Records excerpted from a collection:
==============================

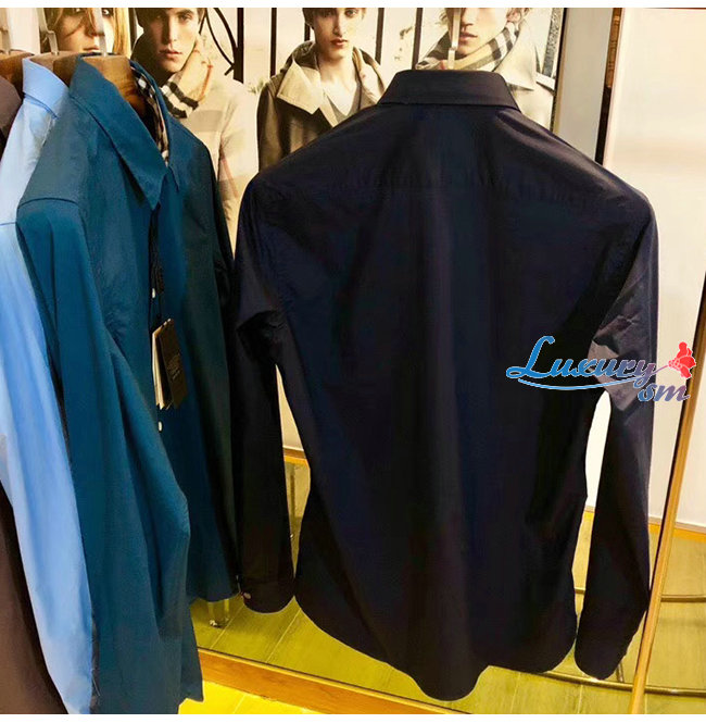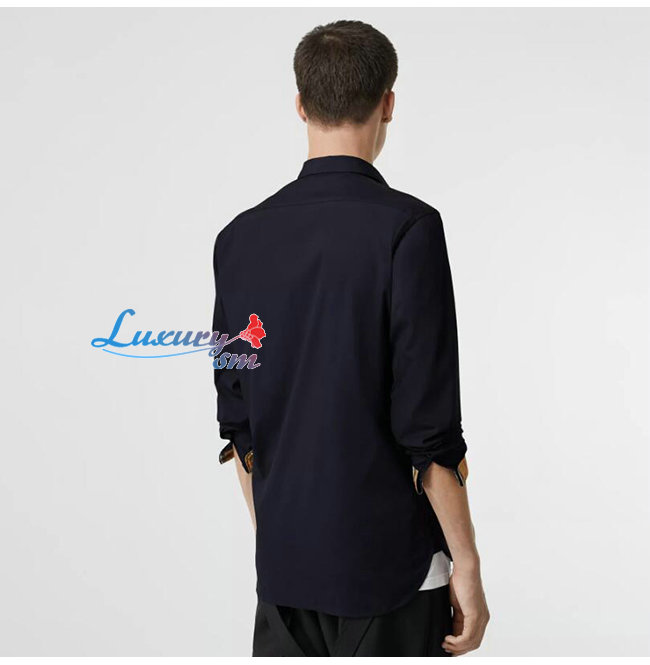 BURBERRY-80087051 버버리 네이비 코튼 스트레치 포플린 셔츠
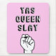 Esta trabalho de arte apresenta um poster de estilo de desenho animado com a citação "Yas Queen Slay" e o punho feminino crescido.
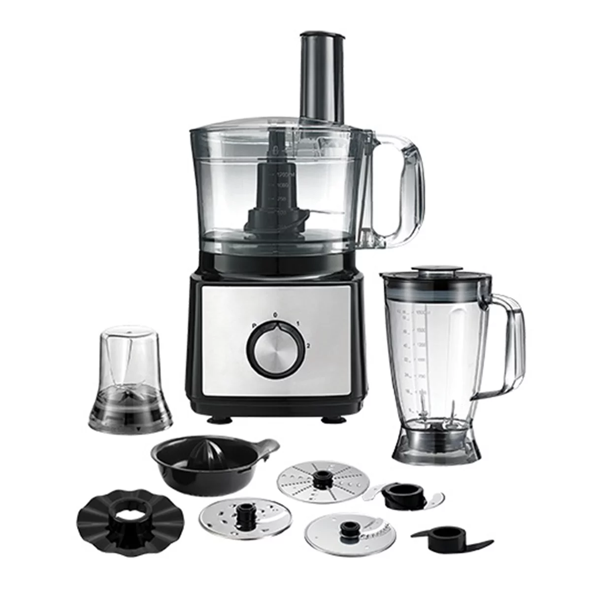 دارای تیغه های برش استيل برای قطعات ریز و درشت، تیغه پلاستیکی خمیر زن، دارای پد لرزش گیر، دارای پد لرزش گیر، دارای پد لرزش گیر
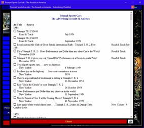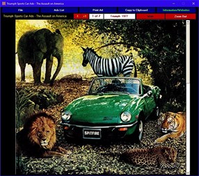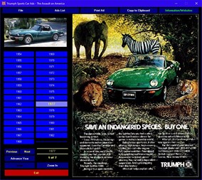 Triumph Sports Car Ads - The Assault on America. Take a nostalgic tour through history. Experience the style and hype of the British automobile advertising industry from the glory days of cars. This multimedia title 237 Triumph (1954 - 1982) automobile ads as they appeared in US, British and other magazines of the period.
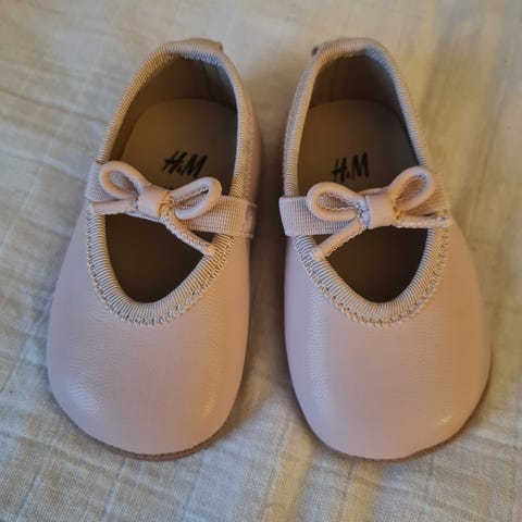 H&M ballerina sko til piger i størrelse 16. Skoene er hvide med en dekorativ sløjfe foran og har en blød sål. Egnet til små børn.
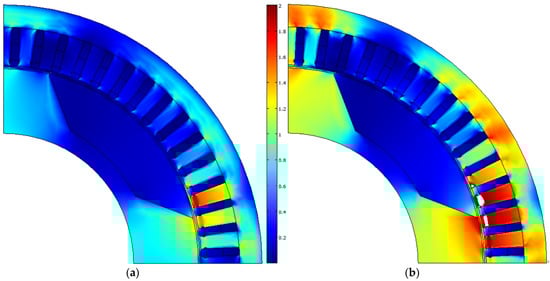 The cross-section of the initial design of the synchronous homopolar motor and the magnitude plot of flux density (T); white areas mark the extreme saturation level (>2 T). (a) Operating point 1; (b) operating point 4.

==============================

*EXERCISE AIM*
The records above need to be copied exactly, with the pictures left out.

*ANSWER*
 BURBERRY-80087051 버버리 네이비 코튼 스트레치 포플린 셔츠
 Esta trabalho de arte apresenta um poster de estilo de desenho animado com a citação "Yas Queen Slay" e o punho feminino crescido.
 دارای تیغه های برش استيل برای قطعات ریز و درشت، تیغه پلاستیکی خمیر زن، دارای پد لرزش گیر، دارای پد لرزش گیر، دارای پد لرزش گیر
 Triumph Sports Car Ads - The Assault on America. Take a nostalgic tour through history. Experience the style and hype of the British automobile advertising industry from the glory days of cars. This multimedia title 237 Triumph (1954 - 1982) automobile ads as they appeared in US, British and other magazines of the period.
 H&M ballerina sko til piger i størrelse 16. Skoene er hvide med en dekorativ sløjfe foran og har en blød sål. Egnet til små børn.
 The cross-section of the initial design of the synchronous homopolar motor and the magnitude plot of flux density (T); white areas mark the extreme saturation level (>2 T). (a) Operating point 1; (b) operating point 4.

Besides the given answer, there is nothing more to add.